Editorials | July 2007
|Healthcare for Illegal Immigrants?|
Domenico Maceri - PVNN
“We have the right to health services,” stated Maria Cortez, an illegal immigrant from Mexico living in Southern California. Without legal American documents, Maria went to the Mexican consulate to obtain a Matricula Consular, a Mexican I.D. card which is accepted in the U.S. by banks and other agencies. Maria also got information from Mexican officials about healthcare availability in the U.S.
|Undocumented workers living in the US typically stay away from doctors and hospitals for fear that the information they provide will be used to deport them.|
To support its citizens living abroad, Mexico began a program called Ventanillas a la Salud, Health Windows. It’s a way of providing information to Mexican residents of the U.S. about what kind of healthcare is available to them.
Undocumented workers living in the U.S. typically stay away from doctors and hospitals for fear that the information they provide will be used to deport them. They also often have no health insurance. Some of them believe that you must have a green card even to buy private medical insurance.

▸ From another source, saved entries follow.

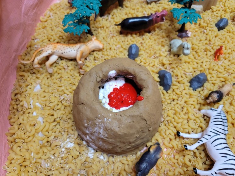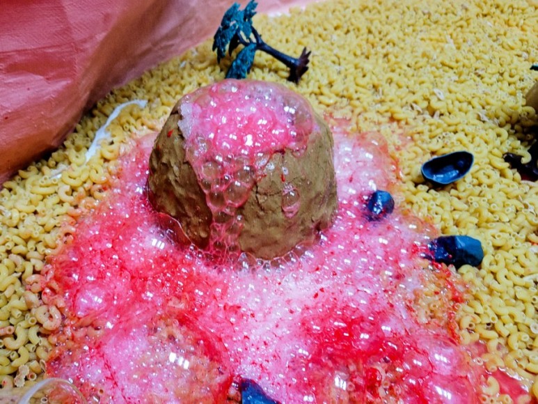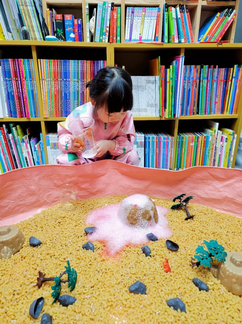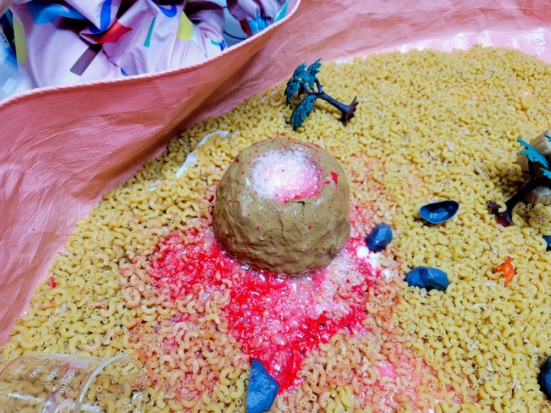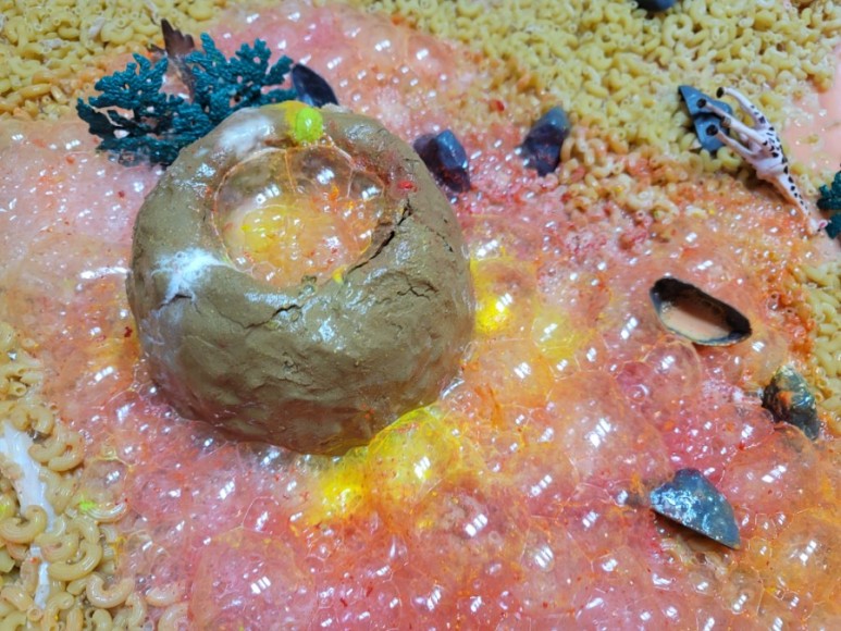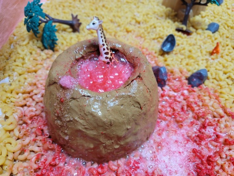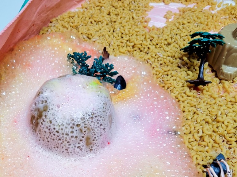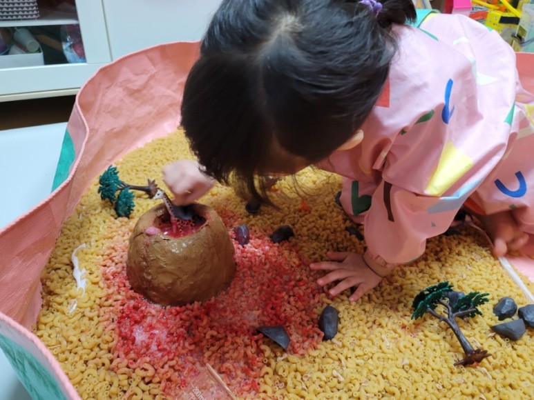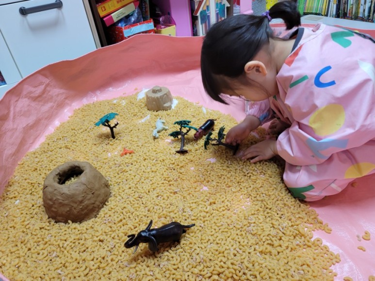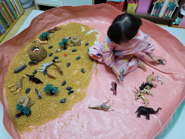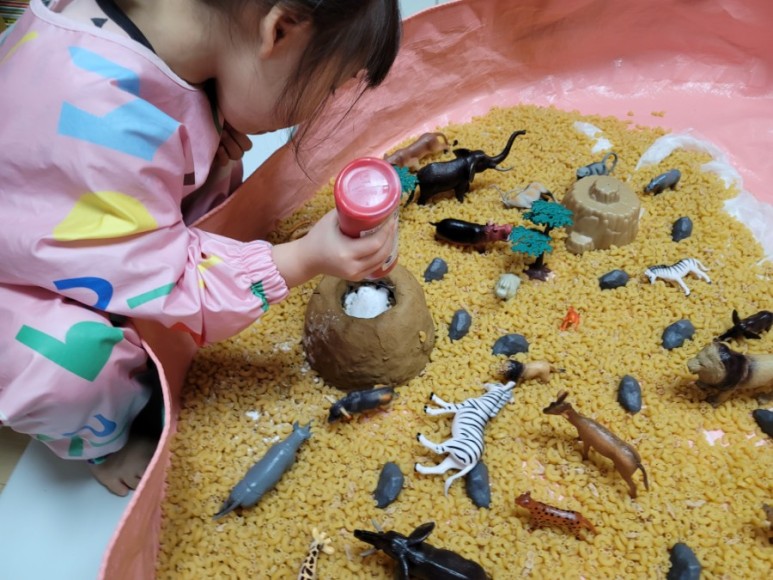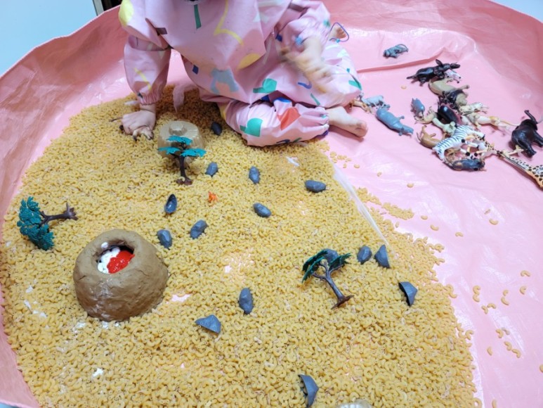 모래 대신 사둔 마카로니 정말 오랜만에 쓰는구나.오늘은 내가 다 써버리고 싶어.마카로니를 모래처럼 깔고 함께 만든 점토 화산을 심어 집에 있는 동물들의 피겨를 데려와 일단 역할놀이를 했다.아, 혹시 몰라서 횟집 비닐을 먼저 한 장 깔았어.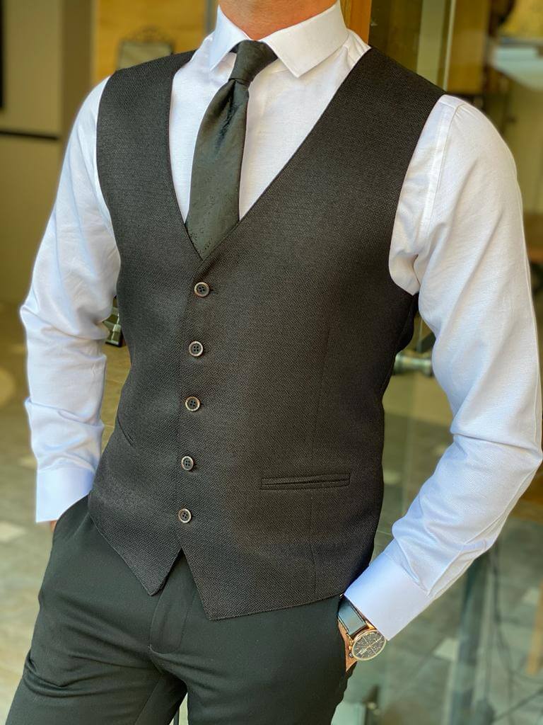 The waistcoat fabric is composed of 20% wool, 30% polyester, 40% Viscone, 5% Elastane.
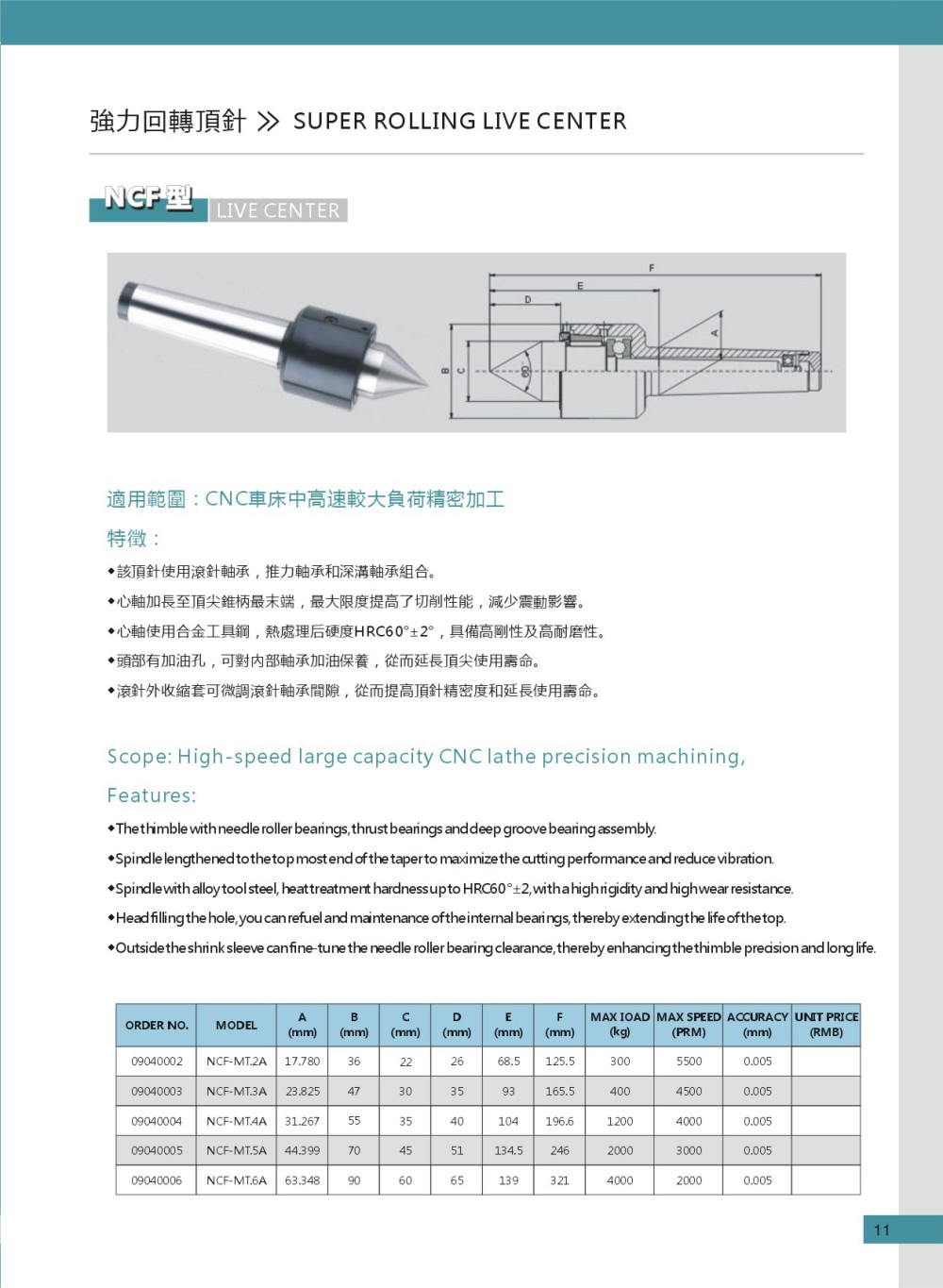 和舜NCP-MT高速加长型精密回转顶针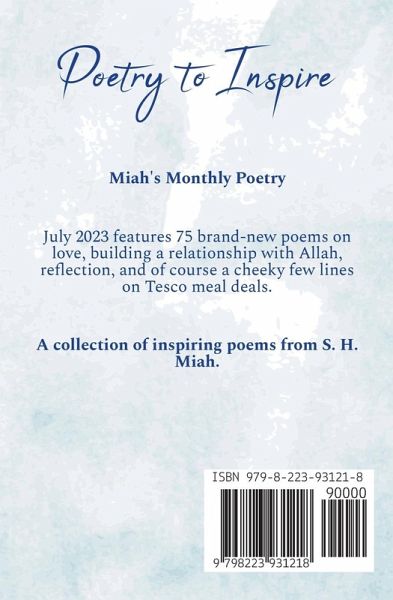 THE MONTHLY POETRY COLLECTION BY S. H. MIAH July 2023 features 75 brand-new poems on love, building a relationship with Allah, reflection, and of course a cheeky few lines on Tesco meal deals. A collection of inspiring poems from S. H. Miah.

Yet, in spite of their precarious residential status, undocumented workers have basic rights which include some form of healthcare. Ventanillas is designed to provide that information about clinics and other government programs they may qualify. It’s also designed to encourage Mexican residents in the U.S. to see doctors before things get so out of control and have to resort to emergency rooms.
When that happens it’s not just the patient that suffers. Often it may be too late to solve problems and it is also very expensive.
Of course, when people show up at emergency centers, they cannot be turned away. That’s the law. If they cannot pay, someone else ends up picking up the tab. Typically the federal government or those who have medical insurance since prices are raised for those who can pay.
Healthcare is expensive, but some free clinics are available which provide services to everyone. Unfortunately, fear of officialdom keeps people away. That’s why Ventanillas is so important.
Mexican officials say that their program of informing their citizens eventually saves the U.S. money because it encourages prevention. That is true. Prevention works.
Yet, critics claim that undocumented workers are a strain on medical services. It is estimated that undocumented workers cost Los Angeles County $440 million in 2005. Critics also believe that providing information encourages and enables people to stay in the U.S. illegally. If they did not get any services, their line goes, undocumented workers would go back home.
Of course, without jobs these people would not need medical services in the U.S. because they’d be back home. It’s jobs which pay as much as ten times what they could earn in their home country that pushed them to make the journey north. Since they work, one would think they’d qualify for medical insurance. But in many cases they don’t because their companies pay them little and give them no benefits. In a way, taxpayers get stuck with the bill, subsidizing these companies.
It’s strange that people complain a lot about the presence of undocumented workers but very little is heard about the companies doing the hiring. Workers in a way subsidize the companies by accepting lower salaries and to a certain extent the American consumers who benefit from lower prices. Yet, when it comes to caring for the workers’ health, no one wants to be involved.
Except for the Mexican government which tries to protect its citizens. The role of any government is to provide support to its citizens regardless of where they happened to be. That’s what Ventanillas tries to do.
Maria Cortez went to the Mexican consulate for her ID card. She got more than that. The information she received made her realize that while she may not be a legal resident of the U.S., she and her husband are not “delinquents” because they “work.” Indeed. They also deserve healthcare. Everyone does.
Domenico Maceri, PhD, UC Santa Barbara, teaches foreign languages at Allan Hancock College in Santa Maria, CA. He is the author of a book on Pirandello, one on Spanish grammar, and another on Italian grammar. He has also published a number of articles in newspapers and magazines around the world, some of which have won awards from the National Association of Hispanic Publications.